The calendar dataset gives the price of listings over the course of a year. The dataset was pulled from: http://data.beta.nyc/dataset/inside-airbnb-data/resource/ce0cbf46-83f9-414a-8a1d-7fd5321d83ca. In order to clean this dataset, we first renamed the columns with more appropriate labels. We then stripped the dates and prices of their extraneous characters so they were easier to work with. Finally, we converted the column types to apropriate dtypes and filtered out columns with no information.

In [None]:
# open calendar csv file
calendar = pd.read_csv("C:/Users/fahmida/Desktop/Rental/airbnb/calendar/calendar_april_2018.csv.gz") 

# rename columns 
calendar["listing"], calendar['date'], calendar['available'], calendar['price'] = zip(*calendar['listing_id,"date","available","price"'].str.split(',').tolist())
calendar = calendar.drop(['listing_id,"date","available","price"'], 1)

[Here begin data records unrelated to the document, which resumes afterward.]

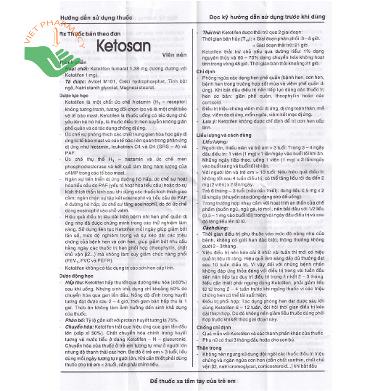 Chuyển hóa: Ketotifen trải qua hiệu ứng qua gan lần đầu lớn (xấp xỉ 50%). Chất chuyển hóa chính trong huyết tương và nước tiểu ở dạng Ketotifen – N – glucuronid. Chuyển hóa của thuốc ở trẻ em tương tự như ở người lớn nhưng độ thanh thải cao hơn. Do đó ở trẻ em > 3 tuổi, liều dùng mỗi ngày tương tự người lớn. Khi cần thiết phải dùng thuốc cho trẻ em < 3 tuổi, cần phải chỉnh liều.
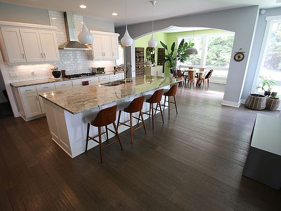 Step inside to find hardwood floors flowing throughout the entire first floor, complemented by high-end lighting and large windows that fill the entire west wall of the main living area with natural light. The open living, dining, and kitchen spaces create a seamless environment for entertaining and everyday comfort.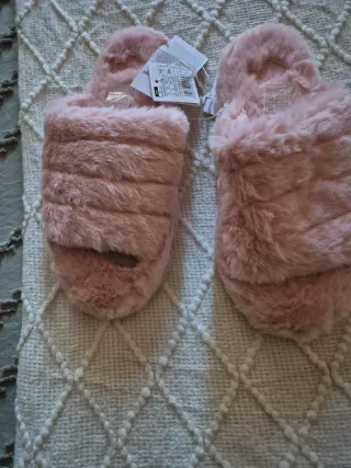 Comodísimas zapatillas de estar por casa con un diseño suave y mullido. - Material exterior de pelo sintético. - Suela antideslizante. - Detalle de corazón en la plantilla.
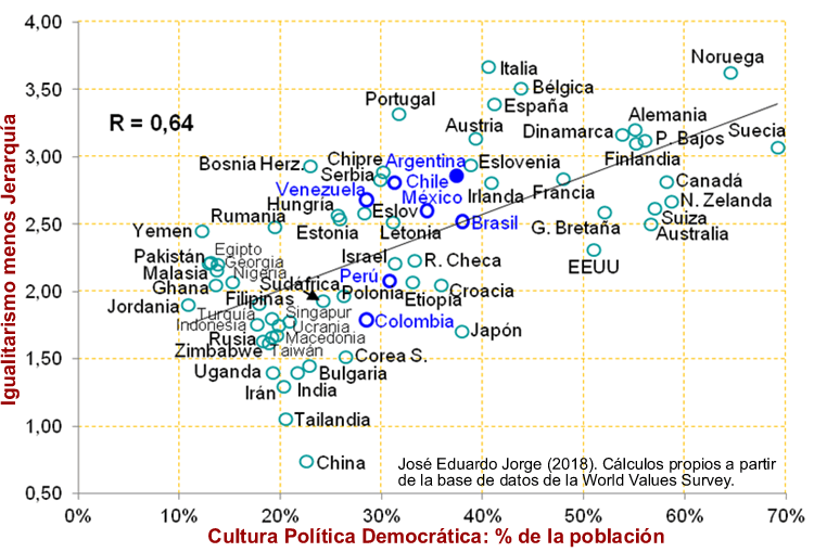 Entre quienes no poseen este tipo de valores emancipatorios, tales opiniones suelen encubrir “interpretaciones autoritarias de la democracia” (Welzel y Kirsch, 2017), que incluyen, por ejemplo, la idea de que uno de los rasgos “esenciales” del sistema es la “obediencia a los gobernantes”.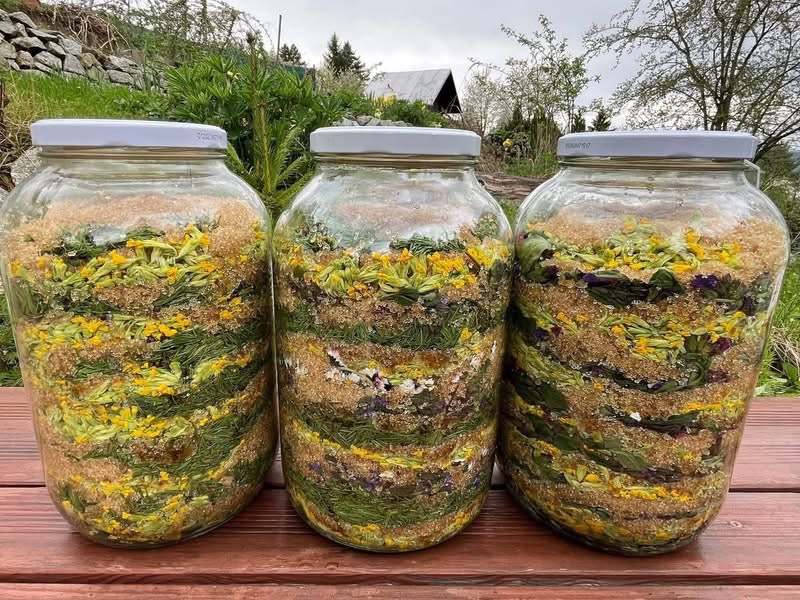 Vyrábam ho tradičným spôsobom bez pridania vody , ako robili naše babičky.... bylinky / viď foto/ presypávam trstinovým cukrom...pridám citrón...výroba trvá niekoľko týždňov.... výsledný sirup je hotový až vtedy, keď sa cukor prirodzene rozpustí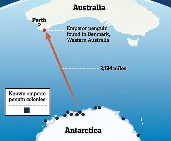 Эксперты считают, что императорский пингвин прибыл в Австралию из Антарктиды, которая находится на расстоянии 3400 километров.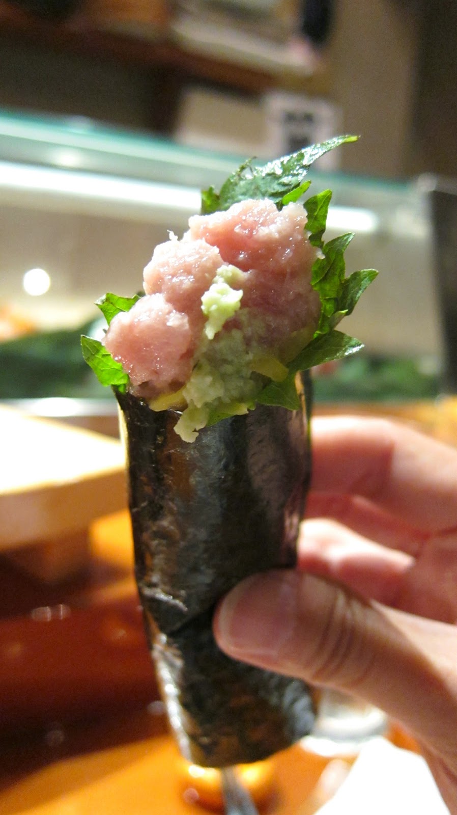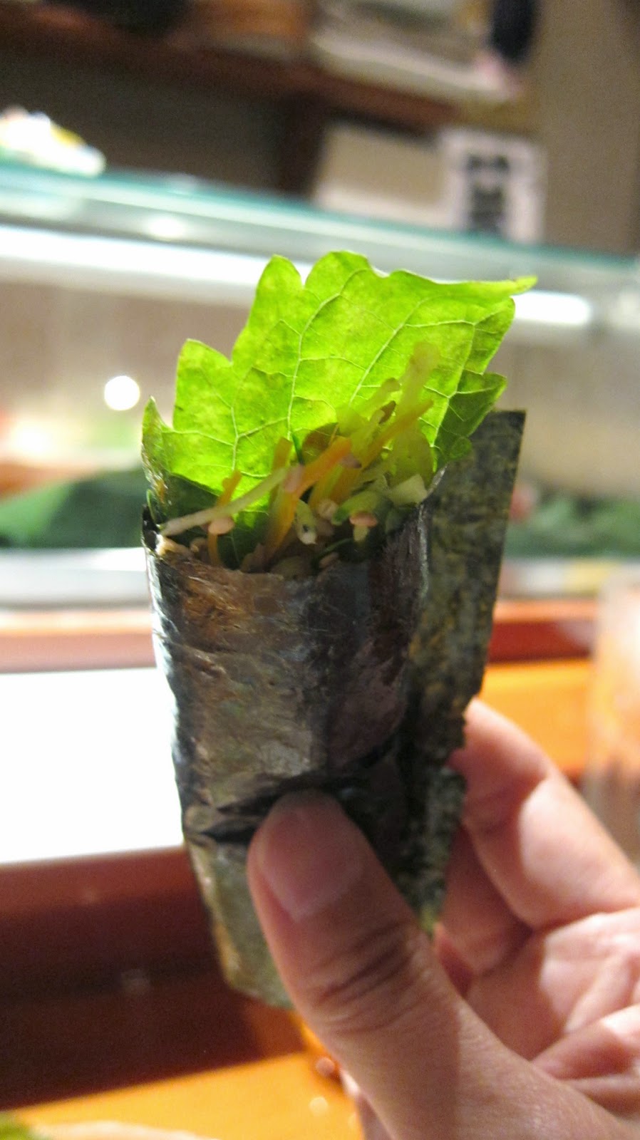 I love handrolls, but the shiso leaf or whatever that green thing here was offputting as shiso usually is for me.

# change column contents to be more workable format
calendar['date'] = calendar['date'].map(lambda x: x.lstrip('"').rstrip('"'))
calendar['price'] = calendar['price'].map(lambda x: x.lstrip('$').rstrip('.'))

# change column dtypes 
calendar['price'] = pd.to_numeric(calendar['price'])
calendar['date'] = pd.to_datetime(calendar['date'])
calendar['listing'] = pd.to_numeric(calendar['listing'])

# filter out the columns with no prices 
calendar=calendar[calendar['available'] == 't']

### Clean Listings Dataset

The listings dataset is our main dataset for this project. It contains thousands of rows of listing information for Airbnbs in New York City. We attempted to clean the data many different ways before settling on our final dataset. One notable technique we tried was KNN. Ultimately, this was unsuccessful because most rows had some NaN values and it was therefore difficult to find similar listings. KNN ended up being too costly and ineffective.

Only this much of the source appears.